Determine duplicate characters
In the above process, we also need to use a data structure to judge whether there are duplicate characters, The commonly used data structure is hash Set (i.e. std::unordered_set in C + +, HashSet in Java, Set in Python and Set in JavaScript). When the left pointer moves to the right, we remove a character from the hash Set. When the right pointer moves to the right, we add a character to the hash Set.
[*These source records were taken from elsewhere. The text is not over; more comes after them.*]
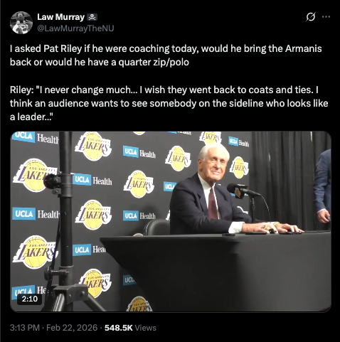 Today’s blog is in response to a recent Q&A with legendary NBA coach (and Heat GM) Pat Riley, where he was asked whether, if coaching today, he would bring the Armani suits back to the sideline or opt for the now common quarter-zip/polo look.
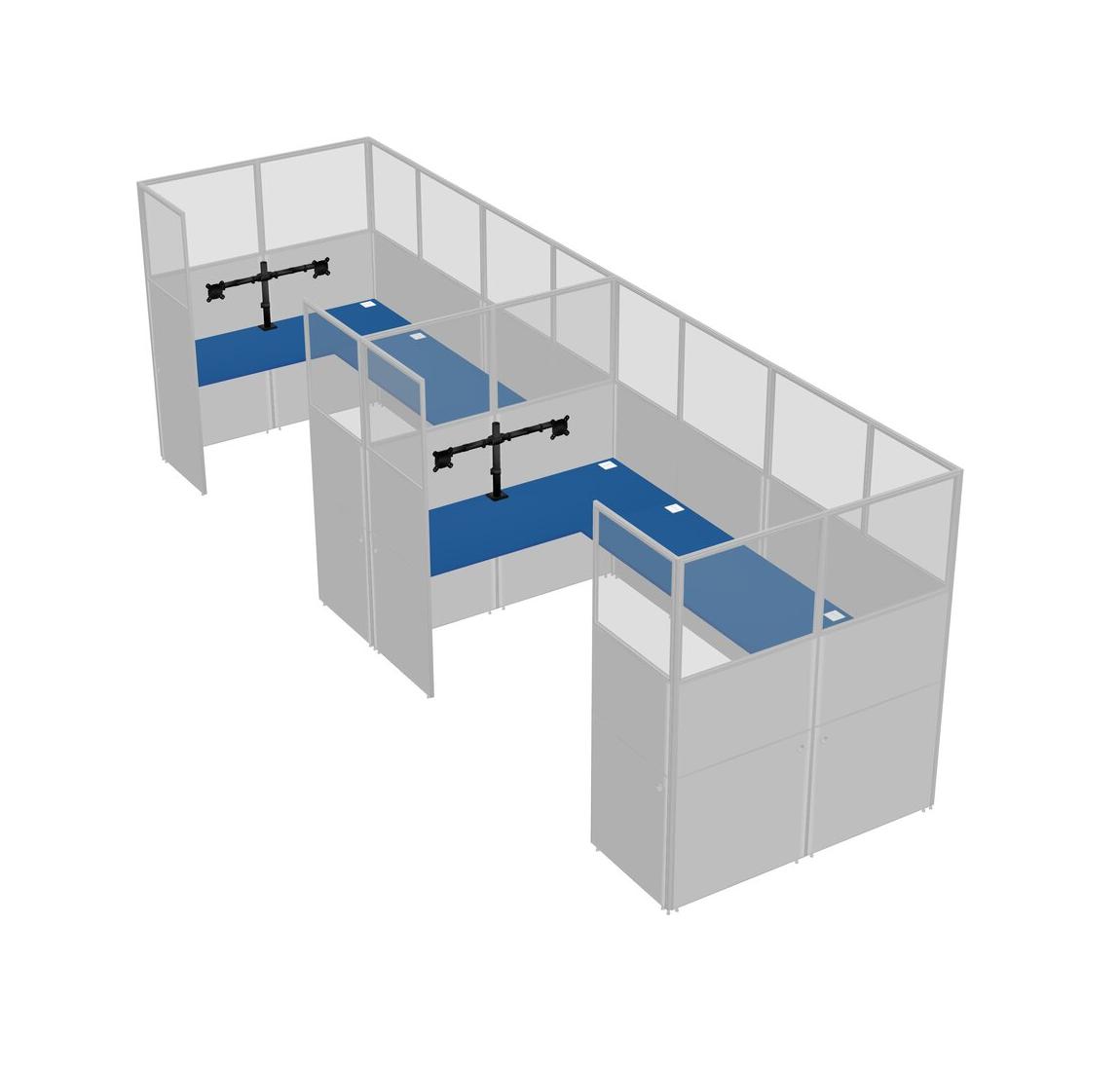 Prism Blue U-shaped Panel System For 2 Person + Monitor Arm (double Arms) For 2 User(s)
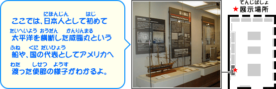 てんじあんない てんじぶつ [絵図えず]咸臨丸かんりんまる難航なんこう図ず [写真しゃしん]ニューヨークの大舞踏会だいぶとうかい人気者にんきものトミー[模型もけい]咸臨丸かんりんまる [複製ふくせい]木村きむら摂津守せっつのかみの渡米とべい記念品 19せいきなかごろのせかいじょうせい よこはまかいこうへのみち かいこくぜんや① かいこくぜんや② らいこうしたくろふね かいこく・ペリーらいこう① かいこく・ペリーらいこう② ペリーのかおのいろいろ かいこう ひがしアジアのかいこうじょう かいこうじょうのぜんけいをしめす「ごかいこう よこはまのぜんず」 かわらばん かいこうちょくぜんのようすをしめす「かながわごかいこう よこはま えず」 よこはまのにぎわい ばくまつどうらん けんべいしせつ よこはまいちらんのしんけい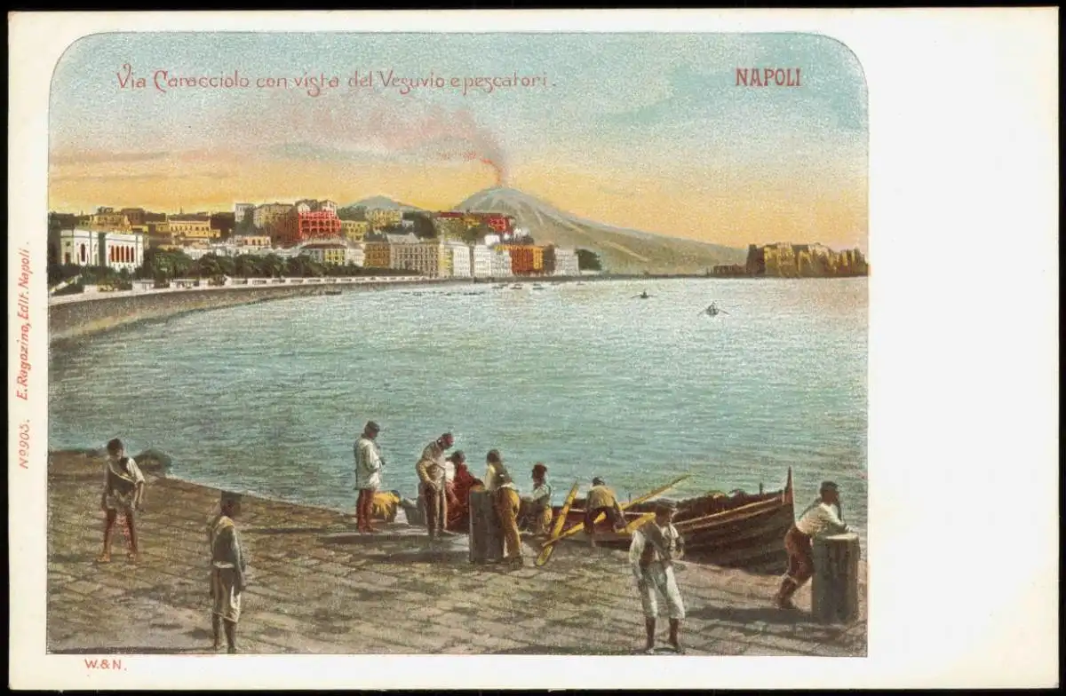 Neapel Napoli Via Caracciolo con vista del Vesuvio e pescatori. 1906

So far, we have solved the problem perfectly
class Solution {
public int lengthOfLongestSubstring(String s) {
// A hash set that records whether each character has occurred
Set<Character> occ = new HashSet<Character>();
int n = s.length();
// The right pointer, whose initial value is - 1, is equivalent to that we are on the left side of the left boundary of the string and have not started moving
int rk = -1, ans = 0;
for (int i = 0; i < n; ++i) {
if (i != 0) {
// The left pointer moves one space to the right to remove a character
occ.remove(s.charAt(i - 1));
}
while (rk + 1 < n && !occ.contains(s.charAt(rk + 1))) {
// Keep moving the right pointer
occ.add(s.charAt(rk + 1));
++rk;
}
// Characters i to rk are a very long non repeating character string
ans = Math.max(ans, rk - i + 1);
}
return ans;
}
}
results of enforcement
The execution passed. The execution took 6ms and the memory consumption was 38.3 MB
🌻 Java method 2: traversal
General idea
Traverse the string, record with I value each time, do not backtrack the I value, and use flag to record the position of repeated characters found in the traversal process. If a duplicate character is encountered, i-flag is the length of the substring. At this time, the flag is relocated to the position of the duplicate character in the substring, and I continues to traverse back. Here, length and result record length. I think the code can be a little more concise, but it seems to be confused?
graphic
class Solution {
public int lengthOfLongestSubstring(String s) {
//a b c a b c d a d e
//0 1 2 3 4 5 6 7 8 9
int maxSize = 0;
//Record the position where ASCII characters appear, with characters as subscripts
int[] dict = new int[128];
//For ease of understanding, set all the contents of the array to - 1, and then start from 0 when recording for ease of understanding
Arrays.fill(dict, -1);
//A value used to record where duplicate ASCII characters appear
int repeatValue = -1;
// Current subscript
int i = 0;
int ASCII;
while (i < s.length()) {
ASCII = s.charAt(i);
//If the value of the current position > repeatvalue, it proves that the current position has been assigned a value once and the characters are repeated
if (dict[ASCII] > repeatValue)
//Update repeatValue to the subscript of the previous assignment
repeatValue = dict[ASCII];
//Assign the current subscript to the corresponding position of the array
dict[ASCII] = i;
//I - repeatvalue (remove duplicates)
// For example, the calculation of three a's in abcabcdade ABCA - a (3 - 0) = BCA abcabcda - ABCA (7 - 3) = bcda
maxSize = Math.max(maxSize, i - repeatValue);
//s.length() - repeatValue - 1 judge whether it is necessary to continue the cycle for the remaining number
//For example, the last a of abcabcdade (when I = 7, repeatvalue = 3), abcabcdade - abca(10-3-1) = bcdade, there are at most six digits left
//For example, the last d of abcabcdade (when I = 8, repeatvalue = 6), abcabcdade - abcabcd(10-6-1) = ade, and at most three digits remain
if (maxSize >= s.length() - repeatValue - 1) {
return maxSize;
}
i++;
}
return maxSize;
}
}
results of enforcement
The execution passed. The execution took 2ms and the memory consumption was 42.68 MB
💬 summary
- Today is the third day of punching out the force deduction algorithm!
- This paper uses C# and Java programming languages to solve problems
- Some methods are also written by Likou God, and they are also shared while learning. Thanks again to the algorithm bosses
- That's the end of today's algorithm sharing. See you tomorrow!